_TASK DETAILS:_
Your output should be the lines below from the one holding "Beberapa hal tersebut, Warga" through the one holding "Delavé linen blend", transcribed exactly, with no pictures.

_INPUT RECORDS:_
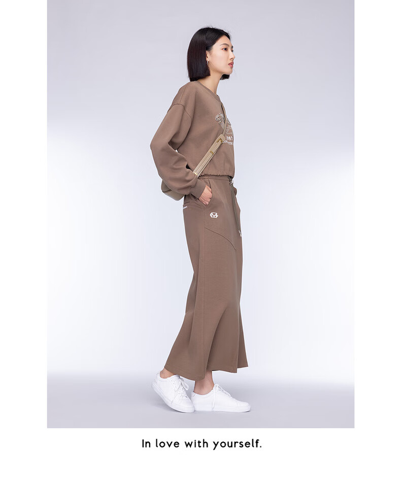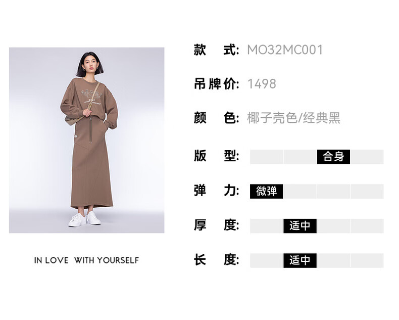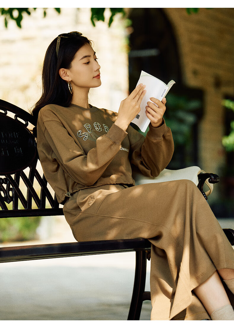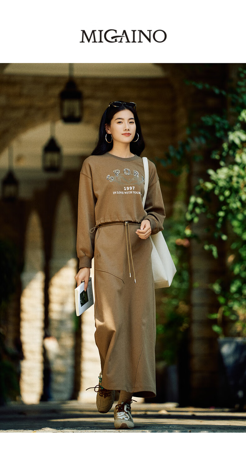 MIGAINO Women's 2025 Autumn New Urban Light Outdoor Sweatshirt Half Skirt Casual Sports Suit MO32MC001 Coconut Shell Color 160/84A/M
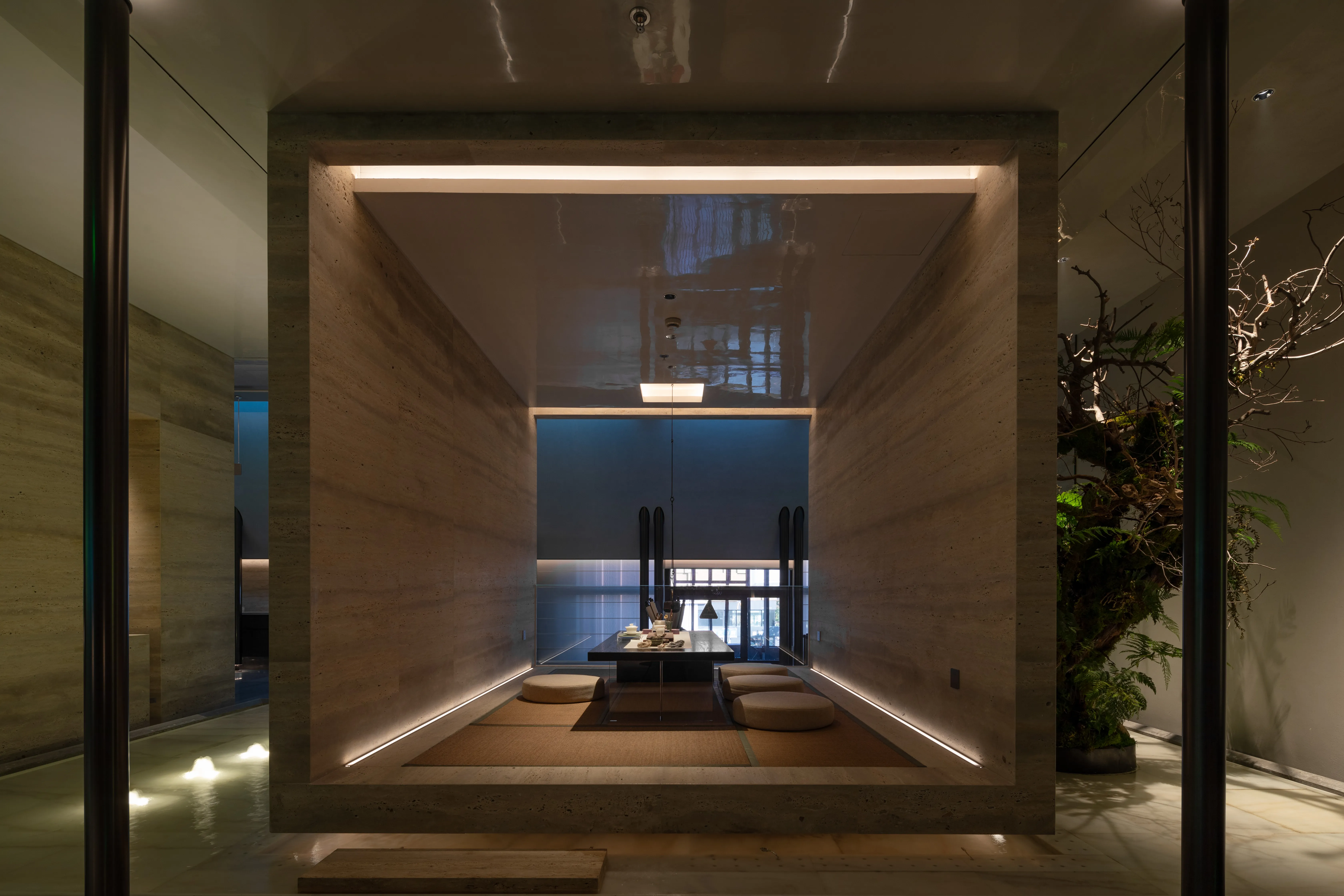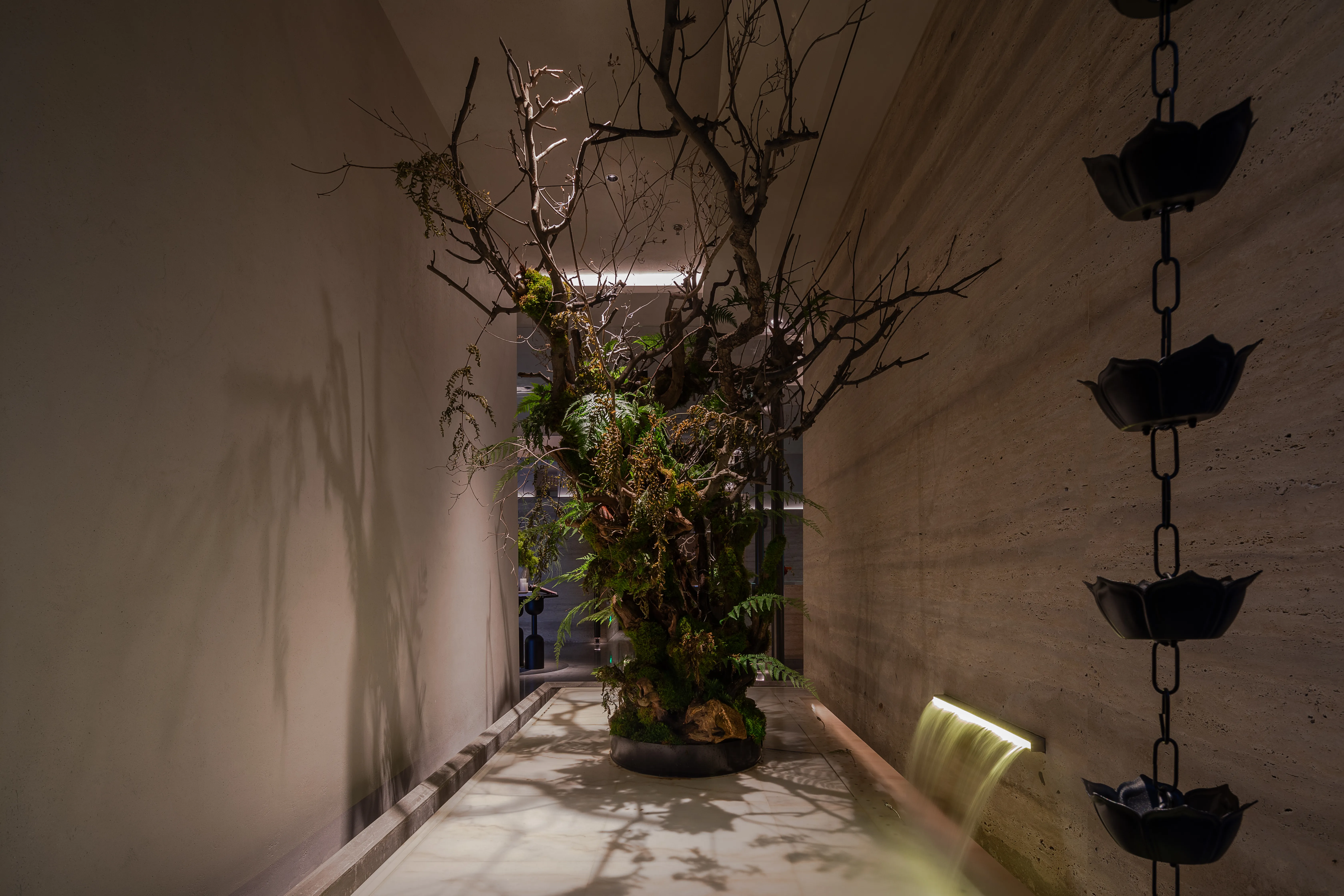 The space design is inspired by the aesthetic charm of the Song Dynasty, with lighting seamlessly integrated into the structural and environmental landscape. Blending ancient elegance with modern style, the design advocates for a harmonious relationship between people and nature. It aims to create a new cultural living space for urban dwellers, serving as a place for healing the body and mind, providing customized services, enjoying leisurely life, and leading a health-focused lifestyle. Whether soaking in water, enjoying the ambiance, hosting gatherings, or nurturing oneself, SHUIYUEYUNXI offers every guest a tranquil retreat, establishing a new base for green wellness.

---

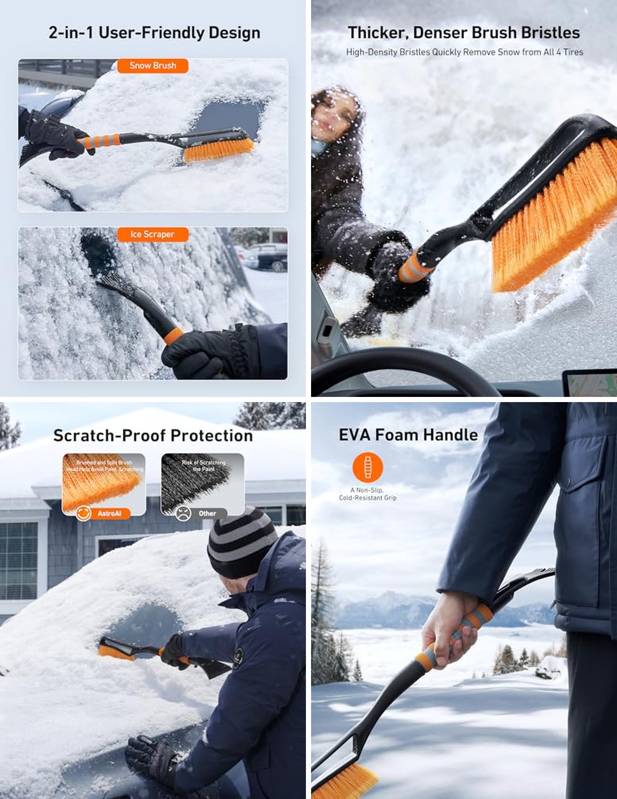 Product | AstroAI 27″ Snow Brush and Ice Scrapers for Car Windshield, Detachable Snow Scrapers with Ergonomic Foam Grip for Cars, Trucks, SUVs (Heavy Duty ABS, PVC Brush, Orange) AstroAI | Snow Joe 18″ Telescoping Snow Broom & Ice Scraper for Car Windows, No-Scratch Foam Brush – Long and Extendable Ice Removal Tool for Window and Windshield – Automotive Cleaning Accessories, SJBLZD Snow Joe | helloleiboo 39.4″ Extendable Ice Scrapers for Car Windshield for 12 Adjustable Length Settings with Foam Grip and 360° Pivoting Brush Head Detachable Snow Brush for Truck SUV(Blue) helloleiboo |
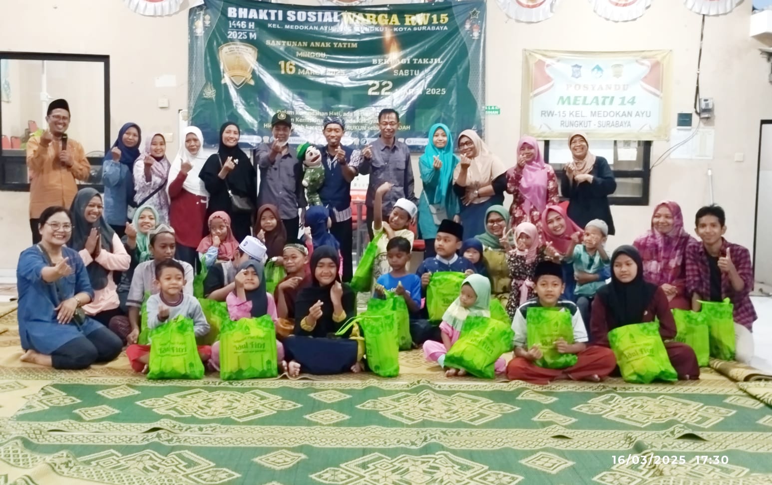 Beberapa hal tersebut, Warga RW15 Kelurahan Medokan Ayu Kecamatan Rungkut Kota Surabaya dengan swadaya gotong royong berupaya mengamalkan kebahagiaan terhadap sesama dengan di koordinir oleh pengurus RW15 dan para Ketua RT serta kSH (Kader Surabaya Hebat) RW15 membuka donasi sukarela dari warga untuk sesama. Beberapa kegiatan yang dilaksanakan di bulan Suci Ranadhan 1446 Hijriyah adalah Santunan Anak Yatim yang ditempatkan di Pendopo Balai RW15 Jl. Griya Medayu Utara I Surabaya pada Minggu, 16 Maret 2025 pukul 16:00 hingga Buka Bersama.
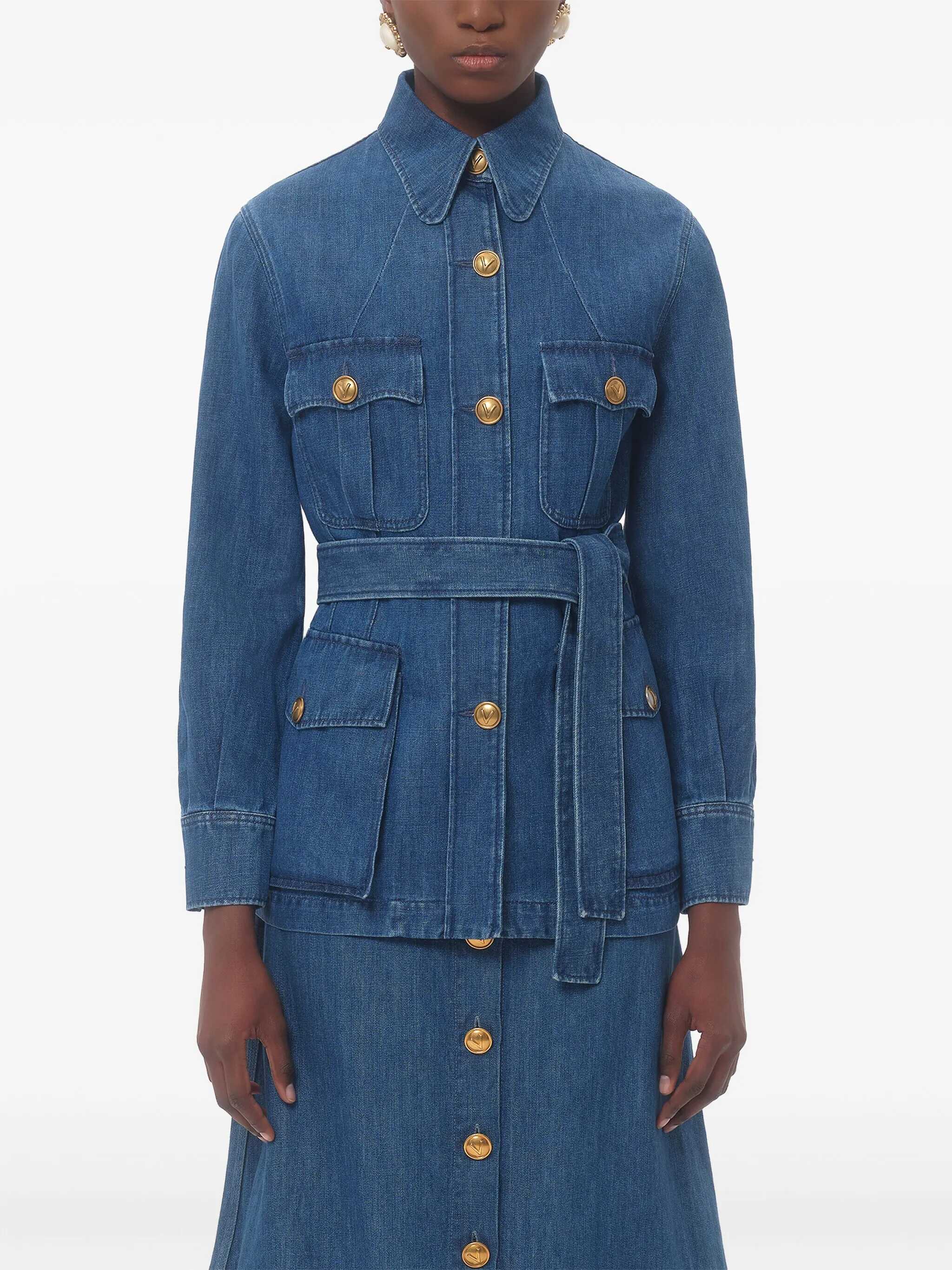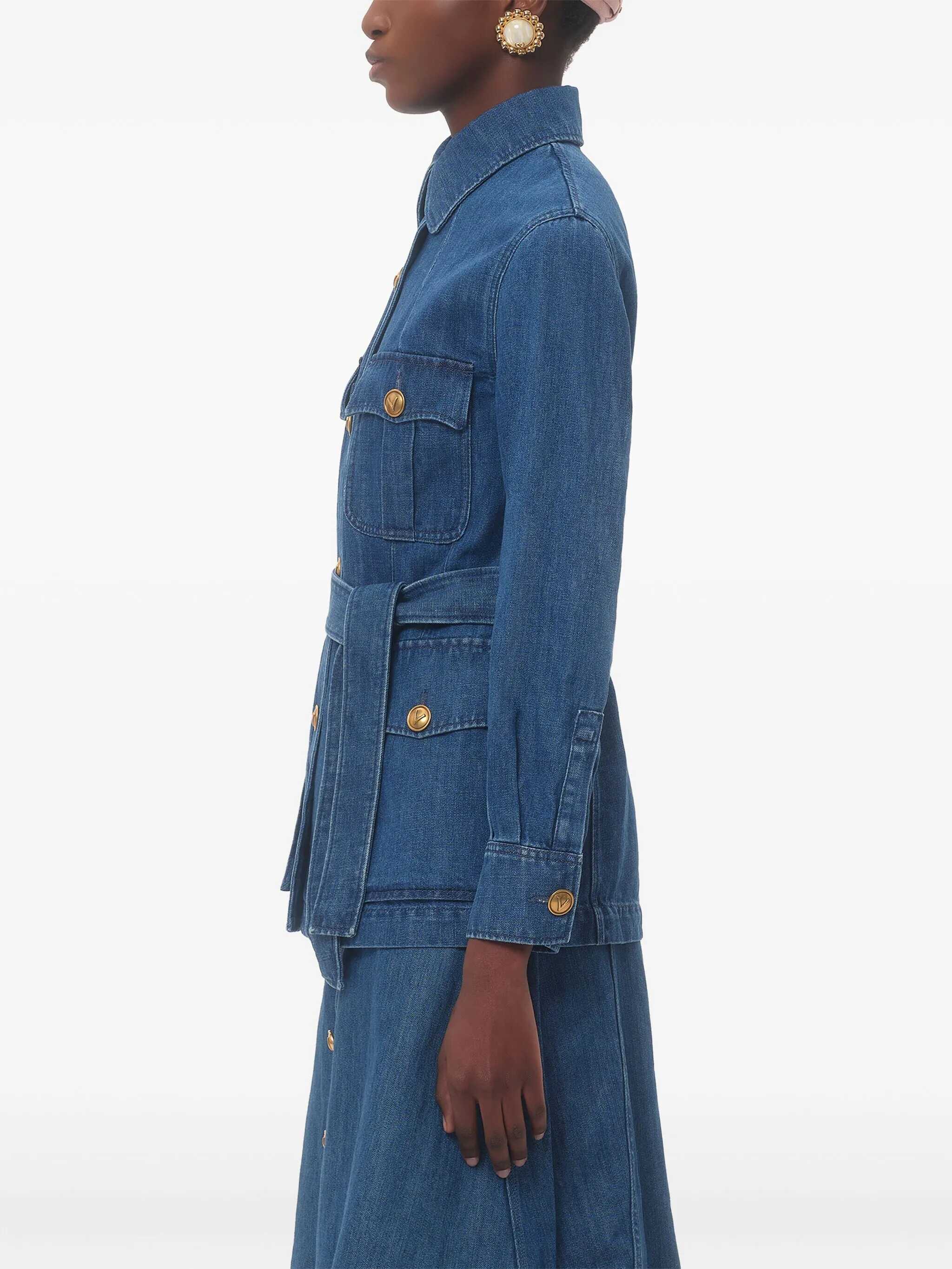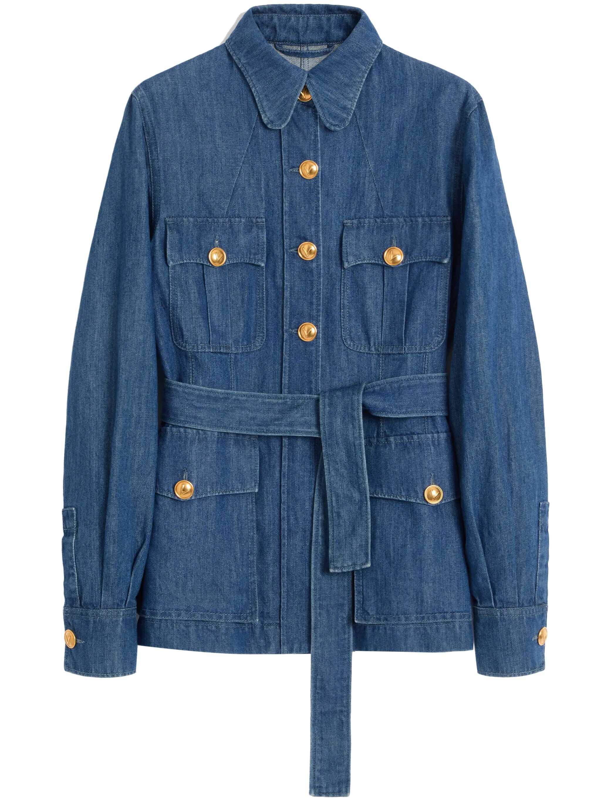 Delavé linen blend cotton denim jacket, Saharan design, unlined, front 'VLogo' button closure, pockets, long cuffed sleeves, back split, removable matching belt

_RESPONSE TO THE TASK:_
 Beberapa hal tersebut, Warga RW15 Kelurahan Medokan Ayu Kecamatan Rungkut Kota Surabaya dengan swadaya gotong royong berupaya mengamalkan kebahagiaan terhadap sesama dengan di koordinir oleh pengurus RW15 dan para Ketua RT serta kSH (Kader Surabaya Hebat) RW15 membuka donasi sukarela dari warga untuk sesama. Beberapa kegiatan yang dilaksanakan di bulan Suci Ranadhan 1446 Hijriyah adalah Santunan Anak Yatim yang ditempatkan di Pendopo Balai RW15 Jl. Griya Medayu Utara I Surabaya pada Minggu, 16 Maret 2025 pukul 16:00 hingga Buka Bersama.
 Delavé linen blend cotton denim jacket, Saharan design, unlined, front 'VLogo' button closure, pockets, long cuffed sleeves, back split, removable matching belt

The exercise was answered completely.